On those rare and fabulous days when a book was completed, Serendipity would race down the stairs and come skipping into the kitchen. She’d kiss Tuesday’s father smack on the lips and catch Tuesday up in her arms and whirl her around and say, ‘Wheeeee! I’ve finiiiissshhheed!’ That night, over dinner, instead of saying hmmm? when Denis or Tuesday said please pass the sauce, she would sing a song, all about sauce, of course, delivered by a horse, with unnecessary force, o
n a long racecourse. Or she would play the spoons on the tabletop, rattling out a tinny melody, with Tuesday on the glassware and Denis on the salt and pepper grinders, the three of them making clicking noises with their tongues in their cheeks, just like a normal family.
And that was just the beginning.
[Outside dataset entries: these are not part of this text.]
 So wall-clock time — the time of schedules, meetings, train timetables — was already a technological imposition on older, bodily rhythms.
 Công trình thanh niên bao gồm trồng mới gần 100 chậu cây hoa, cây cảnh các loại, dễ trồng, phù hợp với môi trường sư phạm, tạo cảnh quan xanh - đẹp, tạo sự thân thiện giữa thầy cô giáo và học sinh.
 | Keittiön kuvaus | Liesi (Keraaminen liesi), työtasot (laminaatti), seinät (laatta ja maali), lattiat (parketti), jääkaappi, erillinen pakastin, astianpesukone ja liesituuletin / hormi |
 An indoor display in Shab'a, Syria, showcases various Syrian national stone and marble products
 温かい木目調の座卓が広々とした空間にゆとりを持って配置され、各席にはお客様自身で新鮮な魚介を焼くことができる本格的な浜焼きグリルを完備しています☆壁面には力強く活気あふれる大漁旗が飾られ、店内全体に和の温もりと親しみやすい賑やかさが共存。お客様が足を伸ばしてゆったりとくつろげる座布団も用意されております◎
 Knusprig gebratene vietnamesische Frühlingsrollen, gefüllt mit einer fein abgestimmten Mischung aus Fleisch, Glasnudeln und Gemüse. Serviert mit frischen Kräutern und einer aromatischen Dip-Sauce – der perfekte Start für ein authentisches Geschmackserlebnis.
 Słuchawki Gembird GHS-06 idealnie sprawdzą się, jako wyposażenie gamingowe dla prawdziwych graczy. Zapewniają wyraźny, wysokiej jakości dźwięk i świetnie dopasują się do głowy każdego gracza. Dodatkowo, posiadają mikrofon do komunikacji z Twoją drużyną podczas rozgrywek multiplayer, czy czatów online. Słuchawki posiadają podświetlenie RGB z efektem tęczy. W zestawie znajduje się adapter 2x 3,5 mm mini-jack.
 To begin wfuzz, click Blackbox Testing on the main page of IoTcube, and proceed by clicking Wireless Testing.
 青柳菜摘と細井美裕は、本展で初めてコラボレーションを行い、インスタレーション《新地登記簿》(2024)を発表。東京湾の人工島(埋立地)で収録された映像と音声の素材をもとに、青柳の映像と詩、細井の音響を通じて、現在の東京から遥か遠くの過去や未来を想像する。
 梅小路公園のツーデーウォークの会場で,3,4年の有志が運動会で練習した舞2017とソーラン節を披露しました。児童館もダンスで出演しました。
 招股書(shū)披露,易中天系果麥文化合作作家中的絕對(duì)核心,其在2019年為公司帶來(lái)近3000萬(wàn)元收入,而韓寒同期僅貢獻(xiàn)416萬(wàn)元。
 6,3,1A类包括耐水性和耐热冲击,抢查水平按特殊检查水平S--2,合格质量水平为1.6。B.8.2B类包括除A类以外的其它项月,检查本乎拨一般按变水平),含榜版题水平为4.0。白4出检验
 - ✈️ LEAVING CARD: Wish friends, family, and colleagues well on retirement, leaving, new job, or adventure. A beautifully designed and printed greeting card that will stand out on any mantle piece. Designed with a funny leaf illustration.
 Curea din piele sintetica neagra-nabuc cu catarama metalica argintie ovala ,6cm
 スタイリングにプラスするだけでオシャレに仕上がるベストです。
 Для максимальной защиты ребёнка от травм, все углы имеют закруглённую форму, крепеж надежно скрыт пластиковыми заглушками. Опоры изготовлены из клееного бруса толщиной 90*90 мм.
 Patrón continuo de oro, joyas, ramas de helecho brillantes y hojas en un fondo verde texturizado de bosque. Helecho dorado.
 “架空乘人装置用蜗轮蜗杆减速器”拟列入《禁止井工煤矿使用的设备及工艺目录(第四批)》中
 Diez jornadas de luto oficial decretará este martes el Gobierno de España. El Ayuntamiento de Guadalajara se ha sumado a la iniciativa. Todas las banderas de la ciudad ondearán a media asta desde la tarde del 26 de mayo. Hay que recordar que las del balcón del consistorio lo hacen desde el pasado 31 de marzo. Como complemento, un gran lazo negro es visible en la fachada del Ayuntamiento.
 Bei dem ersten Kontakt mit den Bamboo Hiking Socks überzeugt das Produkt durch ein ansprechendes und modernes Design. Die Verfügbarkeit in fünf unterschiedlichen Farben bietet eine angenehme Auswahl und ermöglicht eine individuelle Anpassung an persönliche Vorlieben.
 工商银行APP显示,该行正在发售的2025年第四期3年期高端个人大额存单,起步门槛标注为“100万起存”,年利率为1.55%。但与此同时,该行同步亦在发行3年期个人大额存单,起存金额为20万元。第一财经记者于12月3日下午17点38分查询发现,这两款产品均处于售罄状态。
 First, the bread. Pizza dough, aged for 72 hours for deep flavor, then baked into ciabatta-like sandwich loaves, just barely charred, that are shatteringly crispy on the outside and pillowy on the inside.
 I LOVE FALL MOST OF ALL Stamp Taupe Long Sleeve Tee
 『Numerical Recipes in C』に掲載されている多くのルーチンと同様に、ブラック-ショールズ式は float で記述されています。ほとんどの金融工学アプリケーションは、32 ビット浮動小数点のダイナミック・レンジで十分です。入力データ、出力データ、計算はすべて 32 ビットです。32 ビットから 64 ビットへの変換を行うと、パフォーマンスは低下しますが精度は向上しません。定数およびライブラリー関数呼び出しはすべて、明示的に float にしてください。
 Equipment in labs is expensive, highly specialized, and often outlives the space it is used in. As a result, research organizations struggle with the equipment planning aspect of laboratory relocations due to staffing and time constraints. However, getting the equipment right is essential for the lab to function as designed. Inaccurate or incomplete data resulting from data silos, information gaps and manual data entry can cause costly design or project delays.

Because then there was the holiday. Not a very long holiday, mind, because when readers all over the world are waiting for your stories to be written, you can’t let them down. But the weeks after Serendipity finished a book and took a holiday with Tuesday and Denis and Baxterr were the most wonderful weeks Tuesday could remember in her whole life.
Sitting at the kitchen table, Tuesday wondered what her mother and father had planned for this holiday. A summer sojourn, her dad had said. Perhaps that meant the beach, but it might equally mean walking in the mountains, or sailing on a yacht, which Tuesday had never tried, although she dearly wanted to. Or it might mean a tropical island with palm trees and a long white sandy beach and a little house with a thatched roof. Tuesday took a deep and hopeful breath, her father looked up and smiled, and Baxterr gave a little ruff as if he approved of all this daydreaming. But still no sound came from upstairs, and the brownies grew cool on the plate.
After they had played two games of cribbage, plus a game of snap, Tuesday fetched her book and settled into the window seat in the kitchen. Denis brought her a brownie on a plate and then sat at the kitchen table with his crossword, asking Tuesday for help as he went along. While they deliberated over 11 down and 23 across, Baxterr snored. Outside the kitchen window the day turned from afternoon to twilight. The hands on the kitchen clock made one slow, slow circle and then another. At seven o’clock, Denis made his special cheese-on-ham-on-more-cheese toast with tomato relish and, though it was one of Tuesday’s favourite meals, she didn’t enjoy it as much as usual. All the waiting had made the fizzing excitement inside of her go flat, just as if she were a glass of lemonade left for too long on the bench. As Tuesday washed up and Denis dried and put the plates and cups away, he looked at his daughter with fond concern.